_Directions_
From the entries below, copy exactly the lines from the one that contains "Monsieur Michel ABGRALL." through the one that contains "包括兩類,巨噬細胞樣滑膜細胞", both included, and only those.
START Supplied records
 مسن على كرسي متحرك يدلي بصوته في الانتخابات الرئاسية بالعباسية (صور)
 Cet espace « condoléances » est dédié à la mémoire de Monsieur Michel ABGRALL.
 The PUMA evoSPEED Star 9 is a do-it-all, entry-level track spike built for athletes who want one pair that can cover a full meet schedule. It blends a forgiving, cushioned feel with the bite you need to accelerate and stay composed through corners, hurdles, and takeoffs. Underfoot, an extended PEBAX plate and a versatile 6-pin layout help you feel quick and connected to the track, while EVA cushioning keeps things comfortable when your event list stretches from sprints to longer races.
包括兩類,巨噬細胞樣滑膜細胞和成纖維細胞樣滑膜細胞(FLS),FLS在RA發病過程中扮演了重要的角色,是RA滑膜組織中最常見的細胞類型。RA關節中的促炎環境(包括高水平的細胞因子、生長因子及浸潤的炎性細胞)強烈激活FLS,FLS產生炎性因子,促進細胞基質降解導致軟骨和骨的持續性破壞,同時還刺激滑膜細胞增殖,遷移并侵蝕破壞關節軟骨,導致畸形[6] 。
END Supplied records
START Supplied records
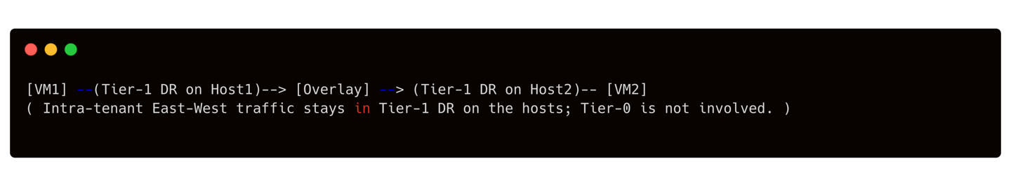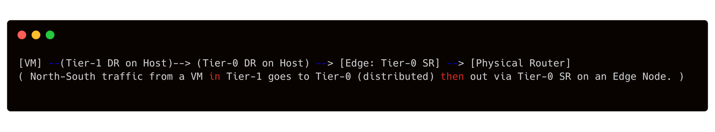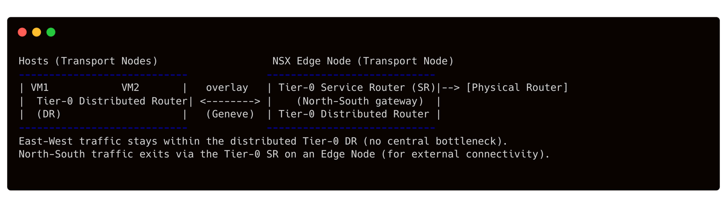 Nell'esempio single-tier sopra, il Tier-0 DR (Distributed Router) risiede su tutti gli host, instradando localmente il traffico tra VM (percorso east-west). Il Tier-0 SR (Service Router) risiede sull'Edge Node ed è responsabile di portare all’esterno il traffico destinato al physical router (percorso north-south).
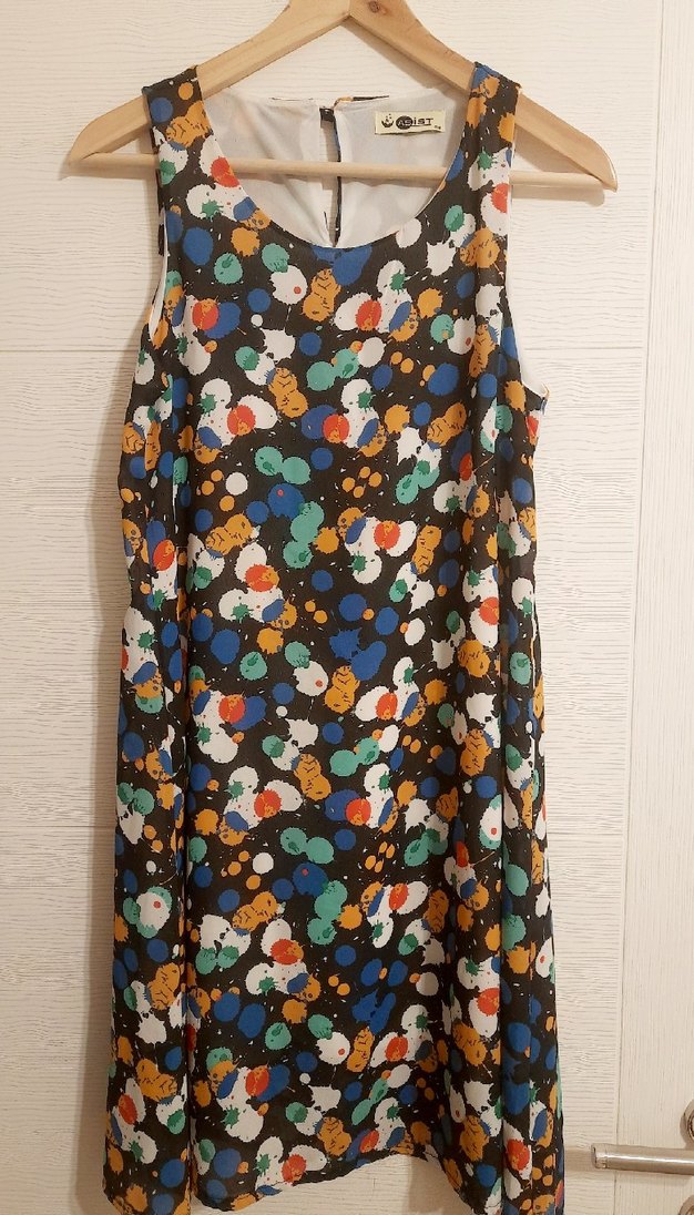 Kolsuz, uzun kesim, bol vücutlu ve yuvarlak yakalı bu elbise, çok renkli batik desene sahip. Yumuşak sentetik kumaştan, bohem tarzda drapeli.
END Supplied records
START Supplied records
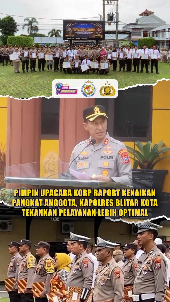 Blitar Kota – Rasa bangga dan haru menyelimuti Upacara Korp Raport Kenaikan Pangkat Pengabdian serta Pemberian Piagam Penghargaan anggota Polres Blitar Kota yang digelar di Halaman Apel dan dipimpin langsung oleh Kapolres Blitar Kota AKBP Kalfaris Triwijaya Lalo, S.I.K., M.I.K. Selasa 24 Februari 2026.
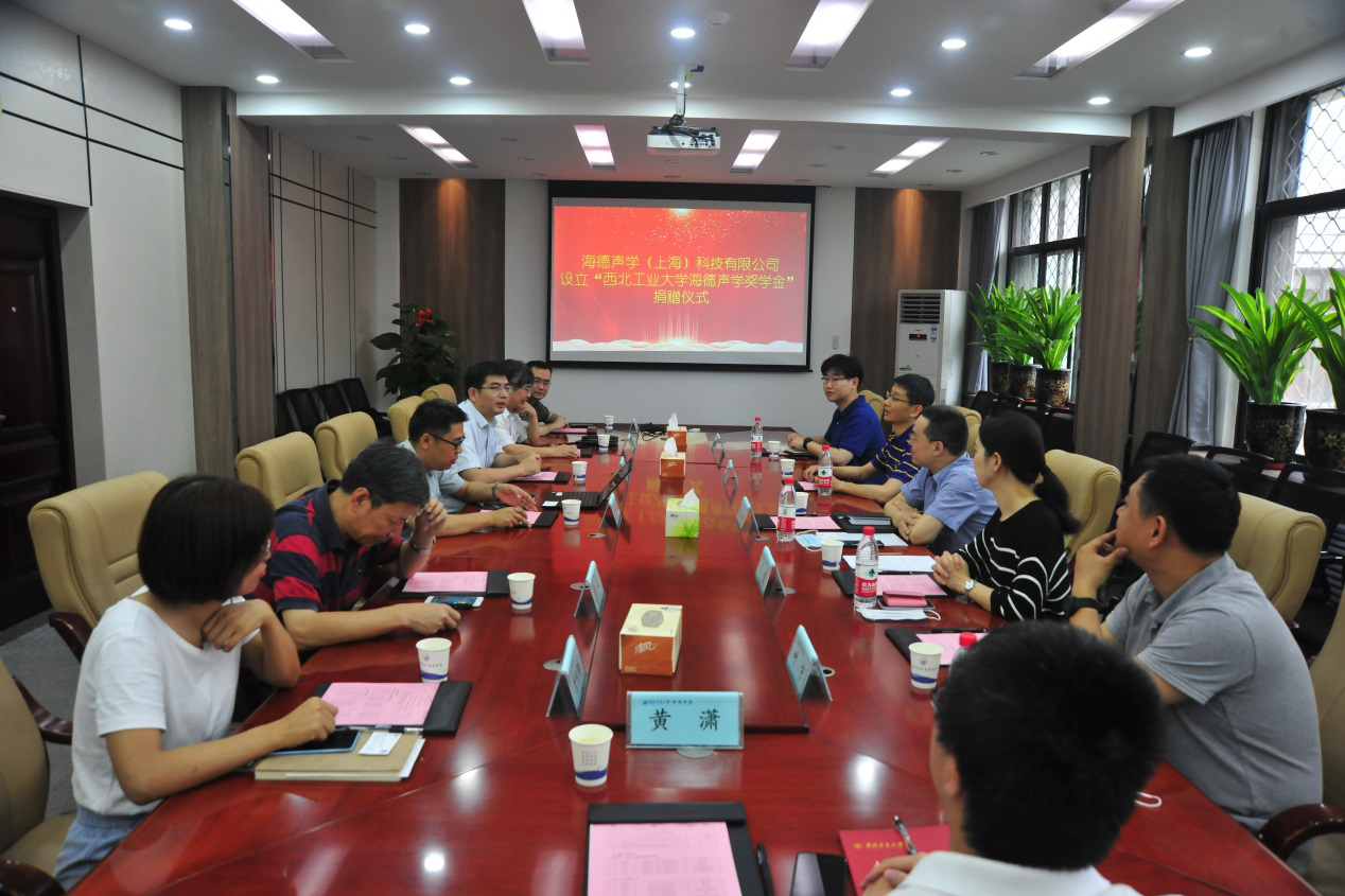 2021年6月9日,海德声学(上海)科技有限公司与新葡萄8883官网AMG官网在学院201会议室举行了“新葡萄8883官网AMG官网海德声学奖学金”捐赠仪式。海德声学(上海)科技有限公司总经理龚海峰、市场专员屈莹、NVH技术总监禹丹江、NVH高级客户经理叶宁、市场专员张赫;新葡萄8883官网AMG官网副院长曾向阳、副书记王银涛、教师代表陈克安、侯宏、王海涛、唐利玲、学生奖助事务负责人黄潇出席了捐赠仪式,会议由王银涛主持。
END Supplied records
_Exercise response_
 Cet espace « condoléances » est dédié à la mémoire de Monsieur Michel ABGRALL.
 The PUMA evoSPEED Star 9 is a do-it-all, entry-level track spike built for athletes who want one pair that can cover a full meet schedule. It blends a forgiving, cushioned feel with the bite you need to accelerate and stay composed through corners, hurdles, and takeoffs. Underfoot, an extended PEBAX plate and a versatile 6-pin layout help you feel quick and connected to the track, while EVA cushioning keeps things comfortable when your event list stretches from sprints to longer races.
包括兩類,巨噬細胞樣滑膜細胞和成纖維細胞樣滑膜細胞(FLS),FLS在RA發病過程中扮演了重要的角色,是RA滑膜組織中最常見的細胞類型。RA關節中的促炎環境(包括高水平的細胞因子、生長因子及浸潤的炎性細胞)強烈激活FLS,FLS產生炎性因子,促進細胞基質降解導致軟骨和骨的持續性破壞,同時還刺激滑膜細胞增殖,遷移并侵蝕破壞關節軟骨,導致畸形[6] 。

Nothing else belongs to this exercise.